Remember, why did z did not come here? Because z is small, z was 0 at t equal to 0, that
is why we are not talk about it, we are talking about z itself equal to this. So, this whole
righten inside itself is z. So, that is what we will have to understand that, this is what
we do.
Now, of course, I have the governing equation is as what? Laplacian. If I have the laplacian
written down, then what do we get. So, I will be looking at, let us say this term. If I
look at this term, what do I get? You can see from 16, z dependence only comes there,
so that for a given alpha and beta this I could just simply write it as something like
d 2 capital Z d z square. And of course, what you are going to write, those two other factors.

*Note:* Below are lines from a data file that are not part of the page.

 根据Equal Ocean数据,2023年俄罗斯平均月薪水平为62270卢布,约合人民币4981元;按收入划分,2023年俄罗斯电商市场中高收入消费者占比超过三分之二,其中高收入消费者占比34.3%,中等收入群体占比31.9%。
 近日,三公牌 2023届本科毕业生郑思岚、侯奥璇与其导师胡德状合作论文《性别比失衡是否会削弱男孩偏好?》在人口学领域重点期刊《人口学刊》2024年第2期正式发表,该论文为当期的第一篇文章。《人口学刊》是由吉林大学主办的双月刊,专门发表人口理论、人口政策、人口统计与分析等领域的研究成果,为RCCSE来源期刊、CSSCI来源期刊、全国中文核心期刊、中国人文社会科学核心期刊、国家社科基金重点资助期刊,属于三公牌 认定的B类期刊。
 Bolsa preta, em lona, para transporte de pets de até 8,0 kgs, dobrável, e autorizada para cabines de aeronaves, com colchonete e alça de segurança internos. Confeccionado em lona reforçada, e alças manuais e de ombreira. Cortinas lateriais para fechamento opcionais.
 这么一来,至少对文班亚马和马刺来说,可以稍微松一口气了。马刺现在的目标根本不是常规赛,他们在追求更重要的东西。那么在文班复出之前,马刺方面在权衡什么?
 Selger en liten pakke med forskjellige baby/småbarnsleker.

One corresponds to the phase e to the power this times the area in the spectral plane,
that is d alpha d beta. So, that is what you are going to get. What about a term like this?

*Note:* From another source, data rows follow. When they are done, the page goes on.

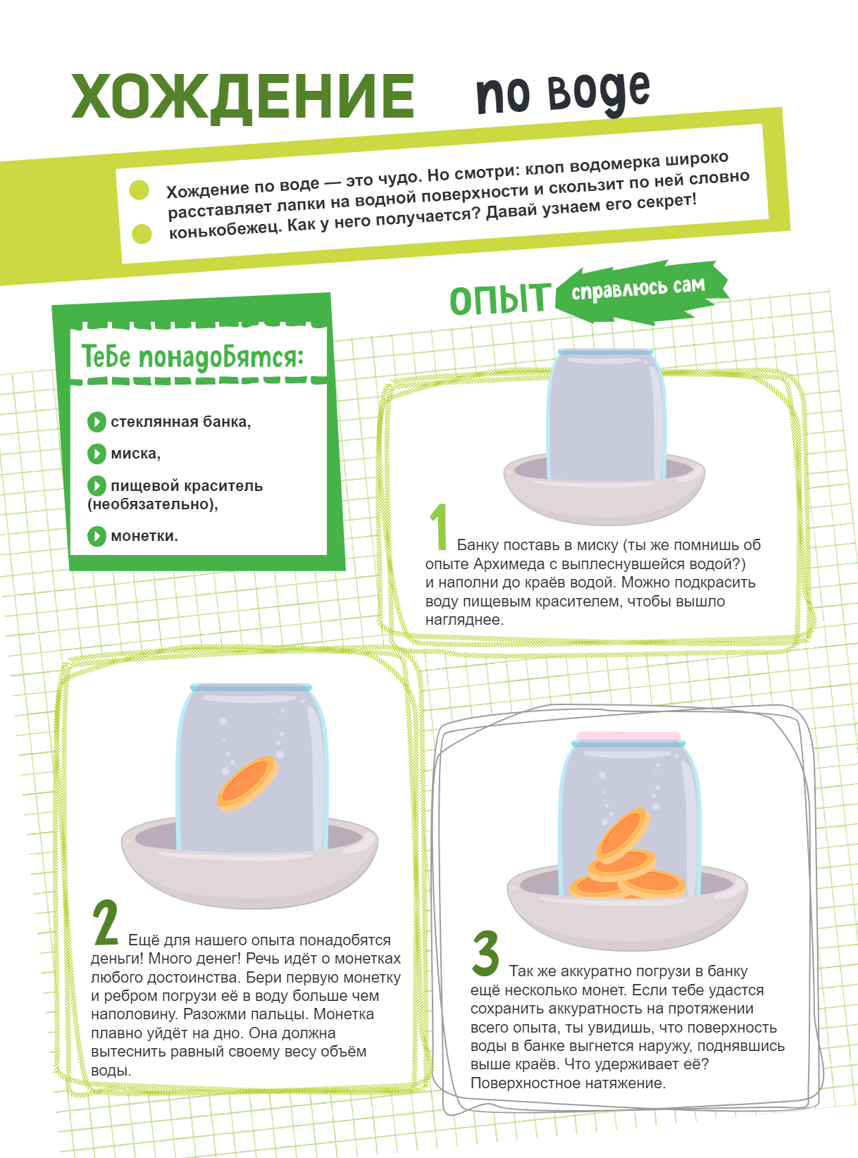 Surprise everyone. How? Put on a real show - conduct experiments that prove that nature is a truly powerful wizard. Make a glass run, cut ice with a single thread, pour light from a watering can, lift a plate with a radish, freeze soap bubbles, create a secret message with invisible ink - you can do many more miracles, and nature will help you in all this, of course.
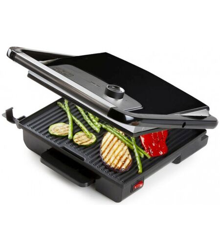 Spécifications: • Parfait pour griller des sandwiches, panini, de la viande, du poisson, des légumes,... • Surface de cuisson : 29,5 x 26,5 cm • Couvercle flottant qui s’adapte automatiquement au contenu, pour un contact optimal • Thermostat réglable • Témoins lumineux pour marche/arret et pret a l’emploi • Récipient pour l’exces de graisse • Revetement anti-adhésif de haute qualité • Boîtier en acier inoxydable cool touch • Peut etre mis debout pour un rangement facile et compact> ...
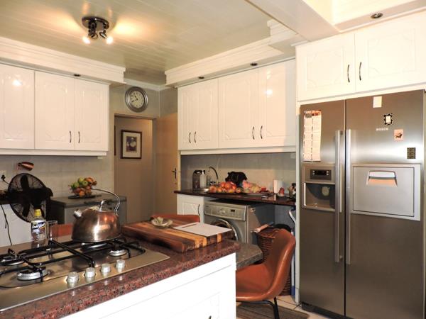 Outdoors, the spacious manicured garden features a large 60,000-liter swimming pool, a thatched lapa, and a boma area complete with a built-in braai and pizza oven.
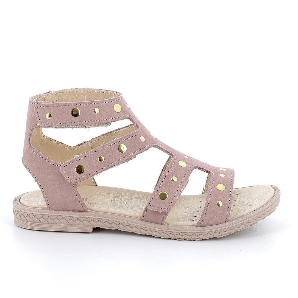 Estas sandalias de niña tipo romana, serán las favoridas por las niñas más a la moda, de hecho este modelo siempre es entre los favoridos en verano. Las bandas, ajustables con velcros, están totalmente decoradas con preciosas tachas de metal. La suela con pequeño tacón, es fina y adornada con un motivo trenzado.

I will get, if I differentiate that with respect to x in this quantity, I will get i alpha
here, for the first derivative. If I do the second derivative, it will be i alpha whole
square. So, that I will get as minus alpha square. So, that is what we are going to get.

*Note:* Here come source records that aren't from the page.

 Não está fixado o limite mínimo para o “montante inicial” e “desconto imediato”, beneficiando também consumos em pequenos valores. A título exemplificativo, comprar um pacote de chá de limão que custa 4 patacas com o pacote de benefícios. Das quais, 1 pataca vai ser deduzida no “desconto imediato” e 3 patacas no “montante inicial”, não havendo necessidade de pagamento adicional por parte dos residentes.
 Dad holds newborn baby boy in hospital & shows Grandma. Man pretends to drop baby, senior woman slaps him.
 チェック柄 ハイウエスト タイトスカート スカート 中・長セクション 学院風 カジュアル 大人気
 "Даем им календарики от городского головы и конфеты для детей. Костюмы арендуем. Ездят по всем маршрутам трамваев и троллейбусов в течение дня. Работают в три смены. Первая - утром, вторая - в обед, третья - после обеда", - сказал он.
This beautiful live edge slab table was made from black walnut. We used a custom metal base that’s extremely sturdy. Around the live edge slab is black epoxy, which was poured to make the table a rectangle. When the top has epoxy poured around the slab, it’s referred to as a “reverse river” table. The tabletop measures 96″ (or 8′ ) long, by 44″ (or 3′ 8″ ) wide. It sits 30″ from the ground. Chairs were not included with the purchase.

We are going to get a minus sign and then I will have this capital z times alpha square,
minus sign has been put outside, so there is no confusion. And you can say similarly
I could also write down del square phi j del y square, that will give me minus beta square.
So, when I am going to write it all up there, this x and y derivatives will add up to z
into alpha square plus beta square. So, I just could basically talk about the sum of
that squares as k square. Physically what is k? See, we are talking about interfacial
perturbation which has a wave number in the x direction alpha and in the y direction beta.
So, what is the net resultant?
Resultant would be in the k direction, that is what we are talking about. So, if I have
this is alpha and this is beta, so i alpha plus j beta would be in the k direction. So,
that is what we are seeing. So, if I now substitute all of this in this equation, then what do
I get? I will get the following equation, that I will have integral and I have minus
alpha square plus beta square into Z and thus second derivative with respect to Z will give
me this quantity d 2 square Z dz square this times e to the power i alpha x plus beta y
d alpha d beta 0. So, if this integral is equal to 0, the integral
must be equal to 0. So, that is what we find is a governing equation for this amplitude
as a function of Z. And you can see for each phase I will just simply add this. So, on
top surface I will put Z equal to 2, on the bottom surface I will put j equal to 1.
So, this is a very simple equation, you can write it in terms of a e to the power, let
me write Z 2 first on top surface, that will be a e to the power, there will be plus minus,
so plus k times z plus b e to the power minus kz.
So, basically what we are talking about? We are talking about x axis here and on this
side I have phase 2, on this side I have phase 1. And what is my boundary condition? And
now working on this part of the domain, that when I go far away Z go into infinity, solution
is bounded. So, what do I expect from this solution? Z going into infinity, so a must
be equal to identically equal to 0. So, this part goes away. So, that is your Z 2.
Similarly, I will get for Z 1. Similar two factors which I can write in terms of c and
d. So, c e to the power kz and plus d e to the power minus kz. And this solution is valid
for negative z. So, that is what happens, when Z goes to minus infinity, this term must
go away, so I get this.
So, what I can do is, basically I could just simply write down this solution together in
terms of this which we have done here Z j equal to f j e to the power plus minus kz.
So, for Z 1 it will be the plus part I will retain, for j equal to 2 I will keep the negative
part. So, that is that. So, you have got it. Now, I think I will stop here. In the next
class, we will further simplify and see how we can use other boundary condition. We still
have not used the interface boundary condition, that is what we will have to do.